The Corner


Tim Scott and the ‘Honest Conversation about Race’

Senator Tim Scott with students at the Richard Wright Public Charter School in D.C. (Getty Images)

In response to The Ugly Reaction to Tim Scott’s Speech Is Telling


I agree and would note that one of the more frustrating cliches in American life is the contention that “it’s time for Americans to have an honest conversation about race” – a cliché that returns, again and again and again and again.

George Floyd, the entire Trump presidency, Ralph Northam, Ferguson, the entire Obama presidency, Donald Sterling, Michael Richards, Hurricane Katrina, O.J. Simpson, the L.A. riots, Rodney King, Jimmy the Greek, Al Capanis, the Central Park Five, Bernie Goetz… There has been no shortage of loud, often heated, often cacophonous conversations about race in America. Maybe, as some people seem to believe, they’re not really “honest conversations.” But it’s hard to believe they’ve been entirely dishonest conversations.

“An honest conversation about race” will inevitably include some assertions and contentions that offend and upset others, and many Americans have concluded that the absolute worst possible thing that could happen is that they encounter something that offends or upsets them. A lot of the time, when someone says, “It’s time for Americans to have an honest conversation about race,” what they really mean is, “Shut up and listen.”

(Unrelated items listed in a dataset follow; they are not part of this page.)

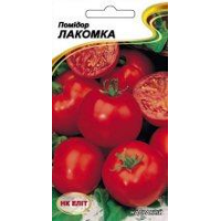 Томат Лакомка 0.1г--Суперранньостиглий високоврожайний сорт, плоди мають привабливий вигляд. Вегетаційний період від сходів до технічної стиглості – 85-90днів. Кущ висотою 40-50см. Плід округлої форми, масою 90-120г, червоного кольору, відмінних смакових якостей. М’якоть м’ясиста, ароматна, солодка. Транспортабельний. Використовується для споживання у свіжому вигляді. Вирощують розсадним способом.
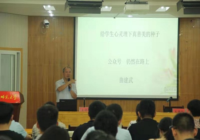曲建武为beat365学生工作者做题为《给学生心灵埋下真善美的种子》的专题报告。他以自己从辅导员到副厅长、正厅级巡视员,再做回辅导员的37年丰富经历,讲述了做辅导员的意义、幸福人生的追求、思政理论课的价值。他围绕习近平总书记在学校思想政治理论课教师座谈会上的重要讲话,要求广大辅导员政治要强,有信仰的人讲信仰;情怀要深,教育止于至善,有家国情怀;思维要新,教会学生正确的思维方法,给学生以深刻的体验;视野要广,拓展知识视野、历史视野、国际视野,把道理讲明白;自律要严,亲其师才能信其道,以身示范传递正能量;人格要正,用高尚的品格感染学生、赢得学生。报告中一段段为学生指明方向的真挚文字、一个个为学生雪中送炭的生动案例、一次次家访背后的感人故事,展示了一名辅导员的信仰和情怀,体现了一名高校辅导员在帮助学生形成正确价值观、铸就高尚灵魂过程中的重要地位和作用。
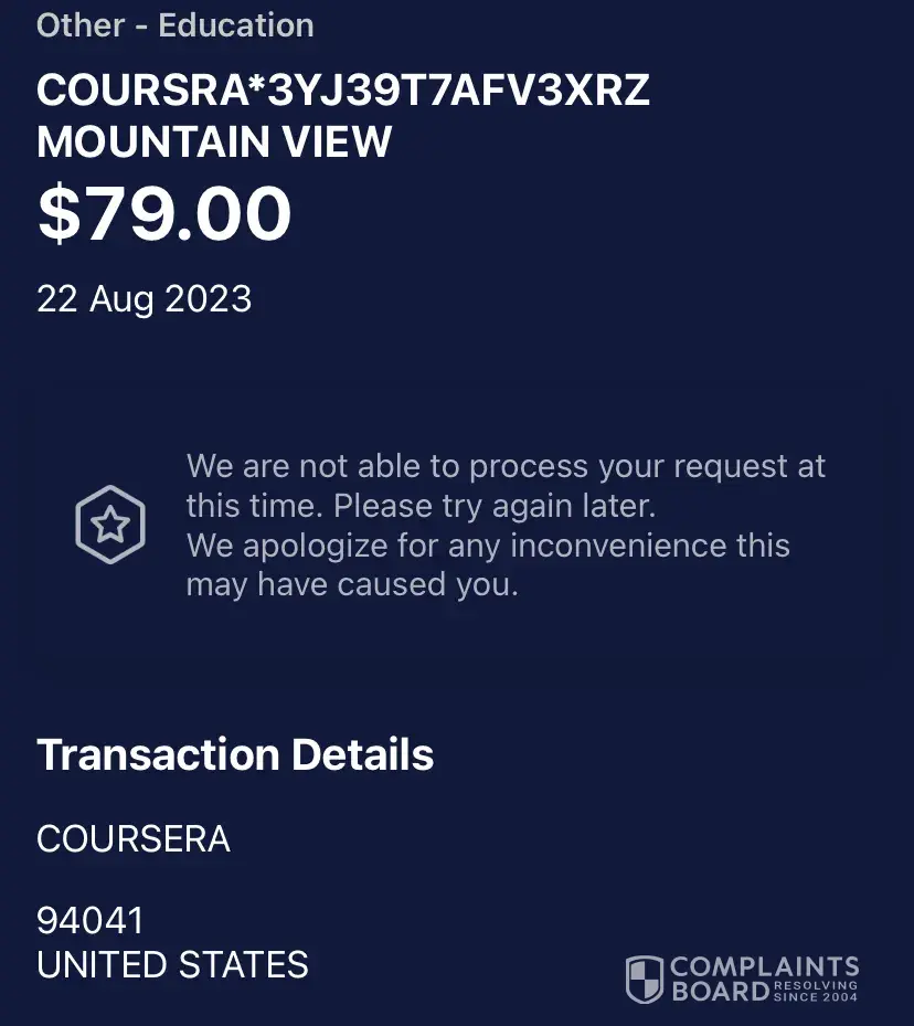 I recently had an experience with Coursera that left me feeling frustrated and cheated. I had signed up for a free trial of their online courses, which I was excited to try out. However, when the trial period ended, I was shocked to see a charge of $49 on my credit card from Coursera. I had not received any notification that this charge would be coming, and I was not happy about it.
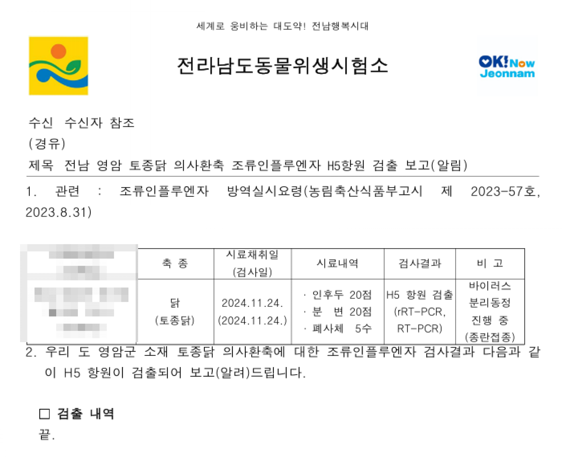 (전남 영암) 가금농장(토종닭) 고병원성 AI 의사환축 발생에 따른 방역강화 조치
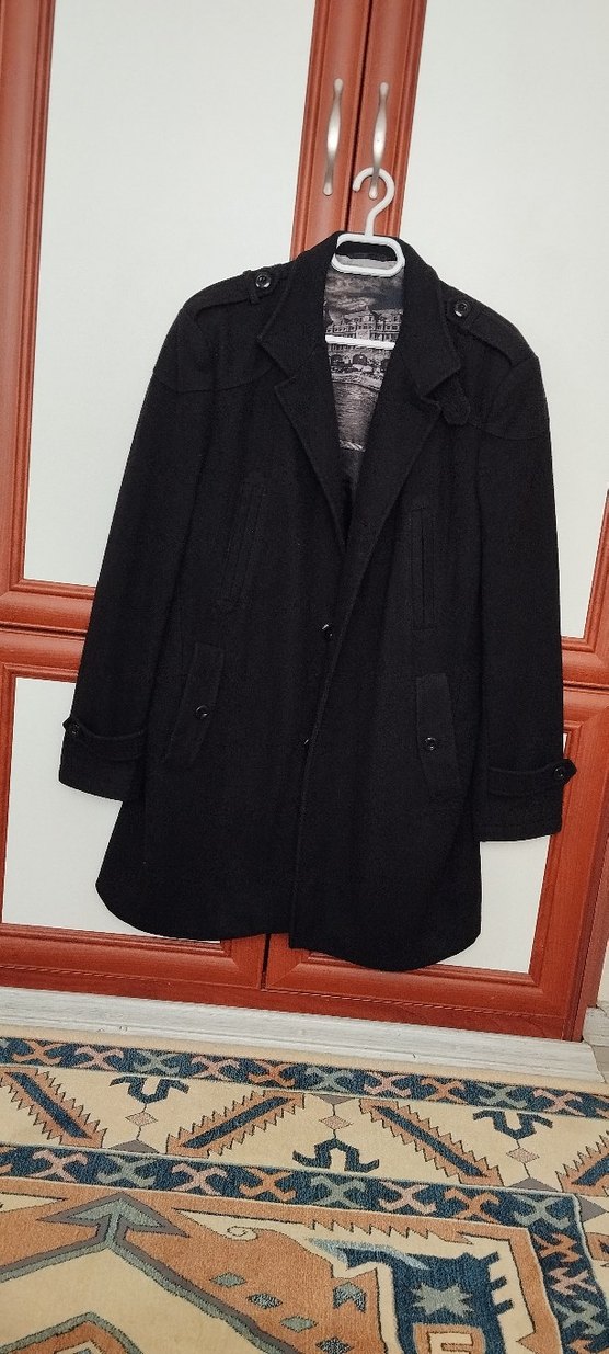 Erkek Siyah Midi Düğmeli kaşe kaban
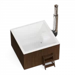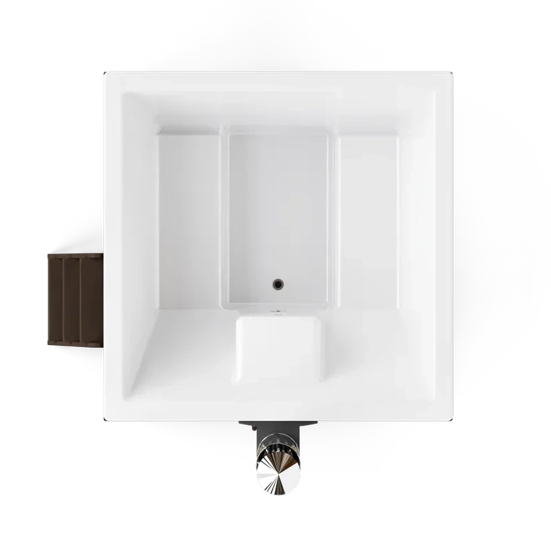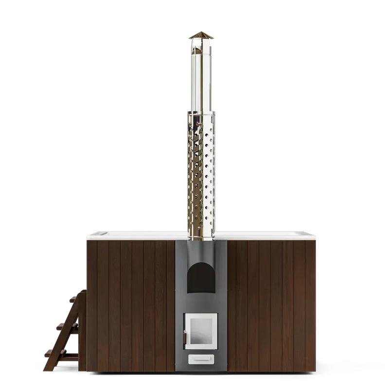 Купель можно использовать на улице при любой погоде. Изготовленная по нашему эксклюзивному проекту встроенная печь POLARSPA мощностью 35кВт нагревает воду за 1,5-2 часа до комфортной температуры. Печь абсолютно безопасна – защитный экран на дымоходе, жаропрочное стекло, никаких острых углов, а все технические коммуникации спрятаны внутри конструкции.
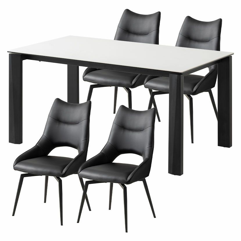 他の画像を見る 【設置無料】4人用 ダイニングテーブルセット 5点 ノワール セラミックテーブル 2本脚 合皮 ダイニングチェア モダン おしゃれ (幅135cm 食卓テーブル×1 食卓椅子×4) 送料無料 送料無料 組立設置付き 組立設置付き ¥ 178,900 税込 カートに入れる
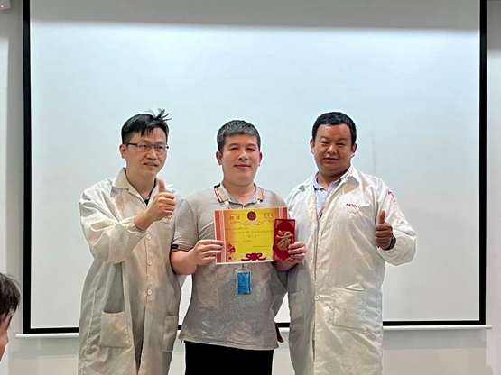 會(huì)議開(kāi)始后,主持人首先介紹會(huì)議內(nèi)容,并帶領(lǐng)大家對(duì)第一階段TPM開(kāi)展的活動(dòng)及TWI結(jié)果進(jìn)行了精彩回顧。隨后進(jìn)入到激動(dòng)人心的頒獎(jiǎng)環(huán)節(jié),華南工廠領(lǐng)導(dǎo)為3個(gè)優(yōu)秀團(tuán)隊(duì)進(jìn)行了頒獎(jiǎng)以及與TWI優(yōu)質(zhì)的培訓(xùn)文檔成員合影。
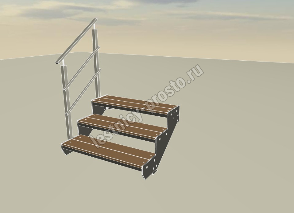 Ступени лестницы состоят из металлической рамки, обеспечивающей необходимую прочность, и покрытия из террасной доски ДПК (древесно-полимерный композит). Ступени не боятся воды и мороза, не теряют со временем свой внешний вид и не требуют ухода.
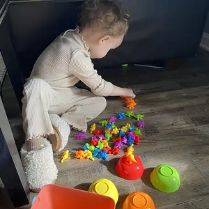 My daughter loved this ! She loves sorting them out and putting each dinosaur in the color they go in and she loves counting them.They remind me of the ones from elementary school they were like this but with bears on them I’m glad I bought this she loves it.If you have a toddler definitely get it
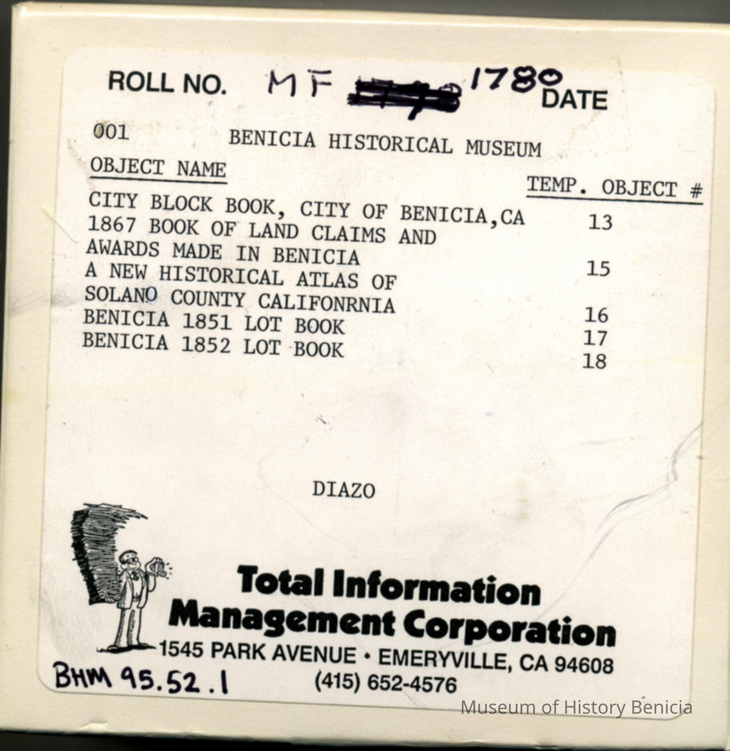 Microfilm of: City block book, 1867; Book of land claims; A New Historical Atlas of Solano County; Benicia 1851 Lot Book; Benicia 1852 Lot Book.Collection
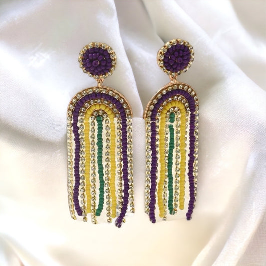 Beaded Mardi Gras Earrings - New Orleans Earrings, NOLA Jewelry, Purple Green Gold, Beaded Jewelry, Mardi Gras Jewelry, Mardi Gras Earrings
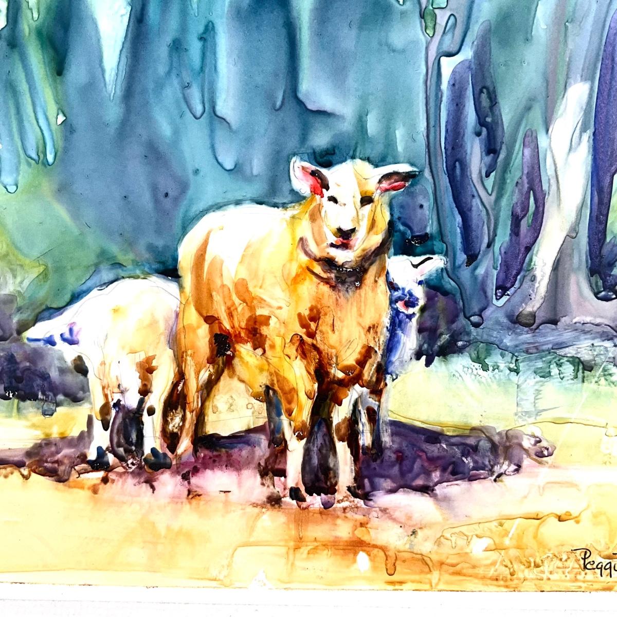 561 Original Artwork Monotype Print of Sheep by Peggy Blades

When Senator Tim Scott addresses the country and the instant reaction is that “Uncle Tim” trends on Twitter, then no, we cannot have an honest conversation about race. We cannot have an honest conversation because a noisy contingent of Americans has decided this this particular black man’s perspective and experience are invalid and unworthy of consideration and that they — in many cases, white progressives! – feel completely comfortable telling him . . . well, to quote the president in another context, “you ain’t black.” No doubt, white conservatives have their own flaws and they fail to live up to their ideals when it comes to the constitutionally guaranteed right to equality under the law. But please spare us the sanctimoniousness when our national conversation is overflowing with white progressives who feel entitled to declare who qualifies as black and who doesn’t.